Subsequently, I’d spent the last few days thinking about an escape, which filled me with an overwhelming sense of déjà vu. It seemed like the millionth time I’d considered the idea in the six or seven weeks I’d been here now. But it seemed impossible. Even though it would be easier now that I wasn’t in the cell and had access to warm winter clothes and shoes, I was still stuck here unless I could get the electronic collar off.
I wondered if I could even walk out the door if Alex took the collar off and told me to go. Something told me the answer was no, and that made me want to slap myself in the face. I wanted to hate him for what he’d done to me, hate him for keeping me here and lying to me, and yet, I wasn’t ready to feel that way about him. There was still something keeping me loyal and eager as much as I distrusted him. Something deeply-rooted and pervasive.
It was like my brain knew one thing, but my body knew another.

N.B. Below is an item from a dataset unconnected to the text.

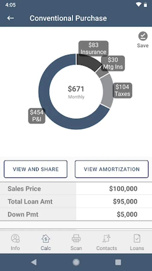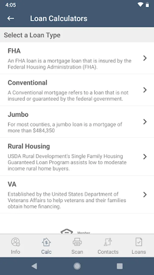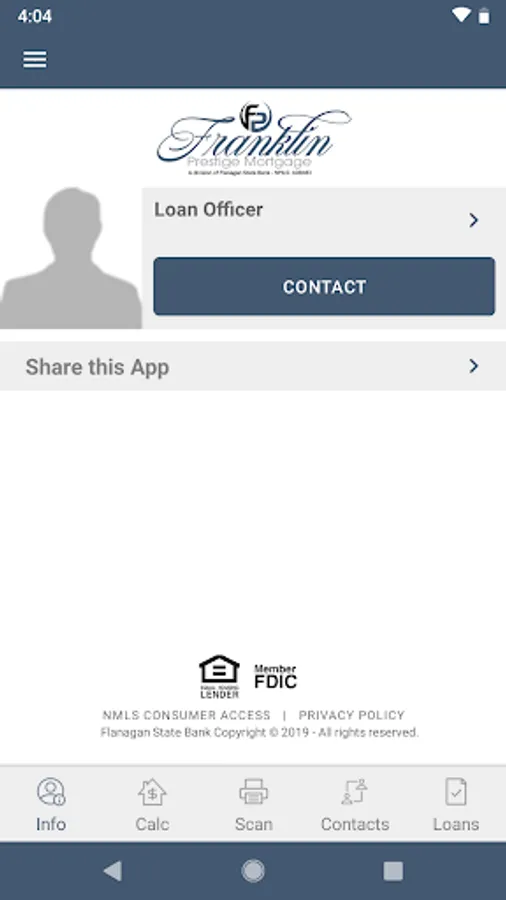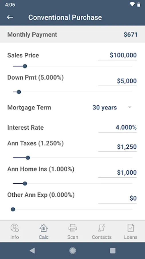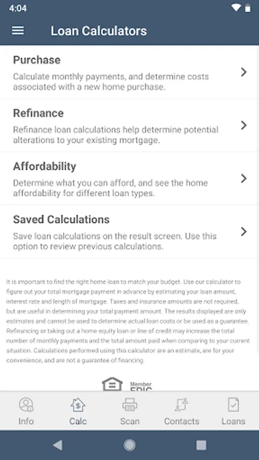 The calculations provided within the app help to show where you might qualify for a loan. However, please contact a Franklin Prestige Mortgage Loan Officer to help determine exactly what you will qualify for. Your Loan Officer is always happy to answer questions and help you get from starting a loan application to closing on a loan application.

The logical part of me wanted to get the hell out while the rest of me still wanted to submit to Alex and give him everything he desired. I could plot and scheme to my heart’s content when he was out of the room, but when he was close to me, I held no real power over my actions.

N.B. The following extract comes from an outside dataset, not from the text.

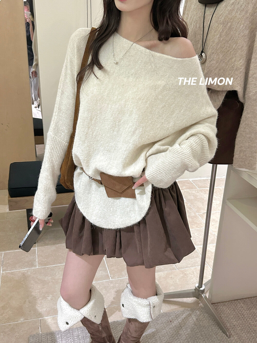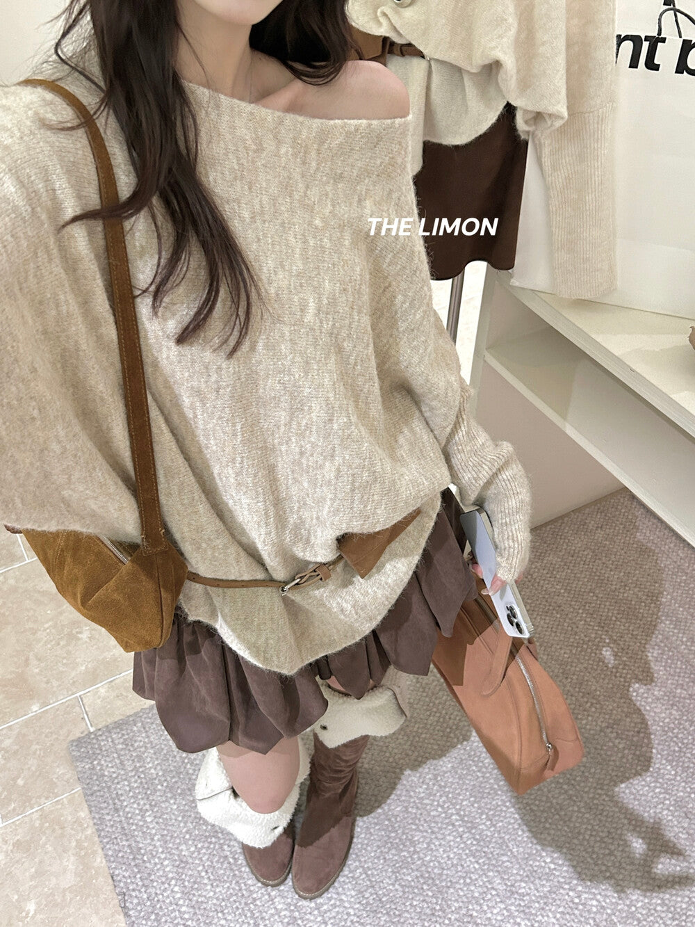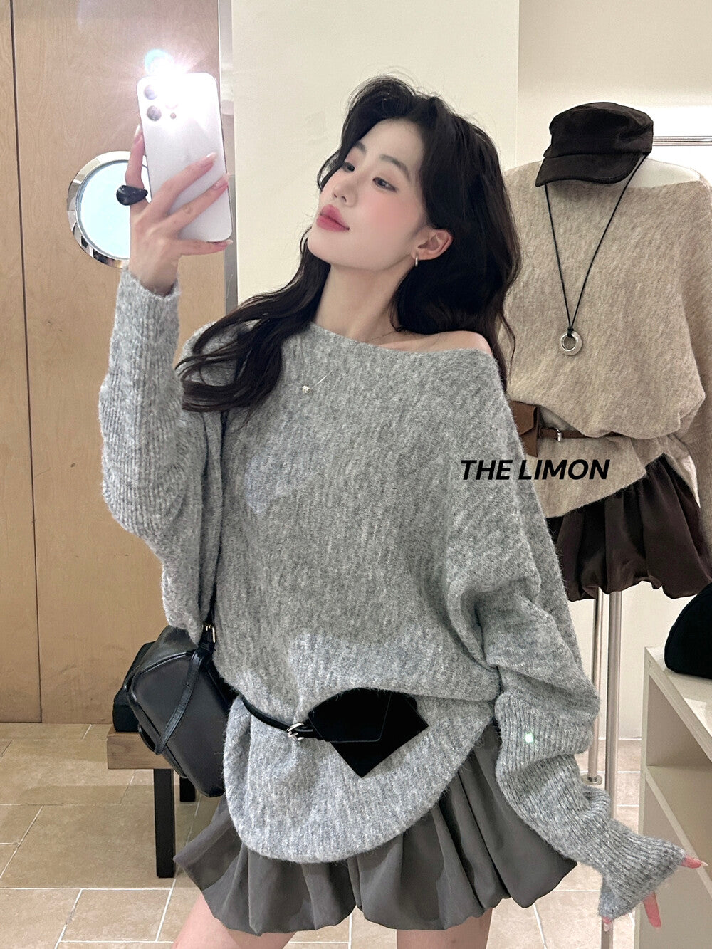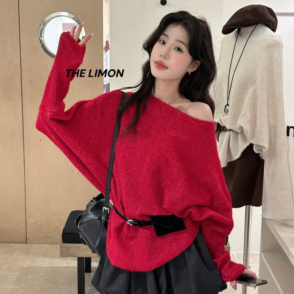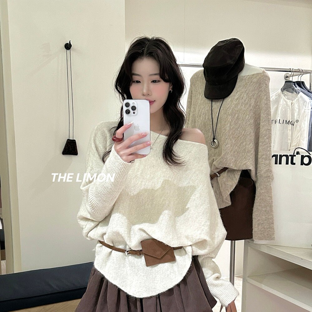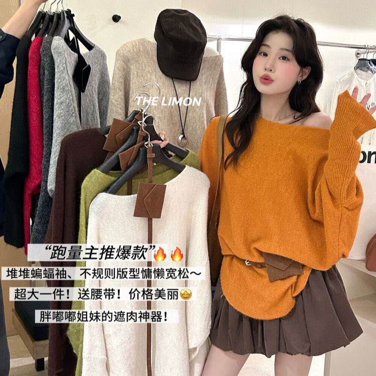 【L006868】實拍檸檬秋季慵懶寬鬆露肩長袖針織衫+腰包(含羊毛8%)250930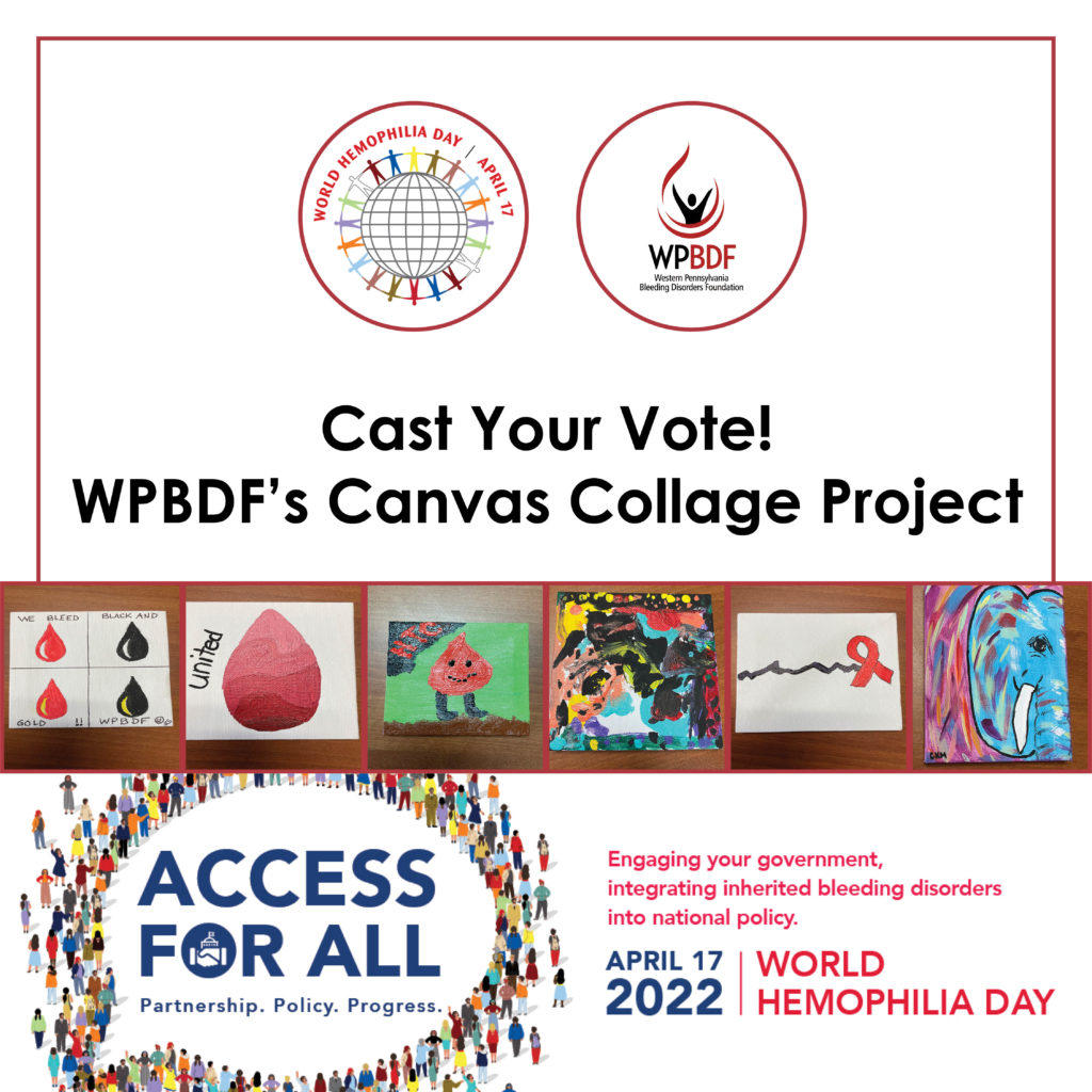 WPBDF will unveil the completed collage on World Hemophilia Day! Check out the amazing canvases made by the Western PA Bleeding Disorder community! Voting ends on April 16th at midnight and the winner will be announced via social media and email on World Hemophilia Day!

I knew the feelings would eventually pass—at least I hoped they would—and when that finally happened, I would have the strength to leave.
If I ever got the opportunity, that is. It seemed unlikely.
Alex stepped back into the kitchen and looked over at me with a hint of a smile playing on his lips, seemingly pleased that I’d done nothing other than what was asked of me while he was out of the room. I was working on the tomatoes now, slicing them into wedges, the knife coming down on the chopping board in short, hard movements.
“You’re really giving it to those poor tomatoes,” Alex joked as he butterflied the chicken breasts for the piccata. I didn’t laugh. I kept slicing, wondering what would happen if I flew across the room and plunged the knife into his chest.